Return the listing below unchanged, but without pictures.

═════ DATA SHOWN ═════

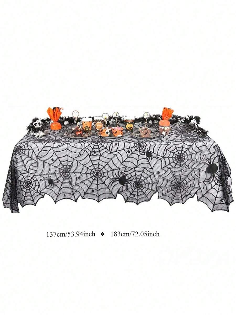 Goth 1pc Black Lace Tablecloth(135*183), Spider Web Lace Tablecloth, Party Decoration, Photo Props, Background,Halloween Black Lace Spider Web Square Tablecloth - Dining Table Cover / Decorative Cover For Ghost Festival
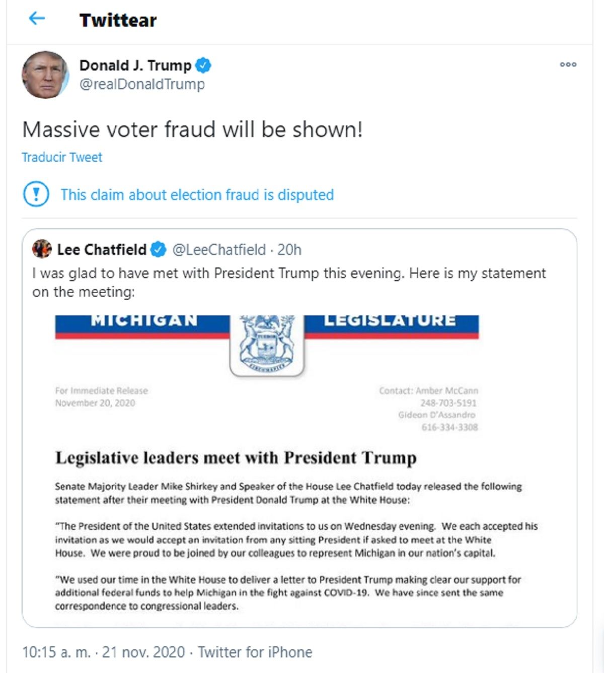 De cualquier forma, Donald Trump prefirió utilizar su usuario personal @realDonaldTrump mucho más que la oficial. Es en esa cuenta donde vertió las acusaciones de fraude respecto a las elecciones del 3 de noviembre, que fueron etiquetadas en más de una oportunidad como “en disputa” o “desinformación” por Twitter.
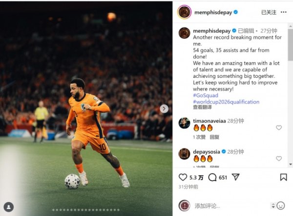 10月14日讯 世预赛欧洲区比赛,德佩1射2传,帮助荷兰主场4-0击败芬兰。 德佩为荷兰队打进54球,助攻35次,两项数据均位居荷兰队史榜首。 德佩社媒晒出比赛照片,并写道:“对我来说又是一个打破纪录的时刻。 54个进球,35次助攻,而且远未结束!” “我们拥有才华横溢的优秀团队,有能力携手共创辉煌。 让我们继续努力,在必要的方面不断进步。”......查看更多

═════

## [ANSWER FOR THE TASK]
 Goth 1pc Black Lace Tablecloth(135*183), Spider Web Lace Tablecloth, Party Decoration, Photo Props, Background,Halloween Black Lace Spider Web Square Tablecloth - Dining Table Cover / Decorative Cover For Ghost Festival
 De cualquier forma, Donald Trump prefirió utilizar su usuario personal @realDonaldTrump mucho más que la oficial. Es en esa cuenta donde vertió las acusaciones de fraude respecto a las elecciones del 3 de noviembre, que fueron etiquetadas en más de una oportunidad como “en disputa” o “desinformación” por Twitter.
 10月14日讯 世预赛欧洲区比赛,德佩1射2传,帮助荷兰主场4-0击败芬兰。 德佩为荷兰队打进54球,助攻35次,两项数据均位居荷兰队史榜首。 德佩社媒晒出比赛照片,并写道:“对我来说又是一个打破纪录的时刻。 54个进球,35次助攻,而且远未结束!” “我们拥有才华横溢的优秀团队,有能力携手共创辉煌。 让我们继续努力,在必要的方面不断进步。”......查看更多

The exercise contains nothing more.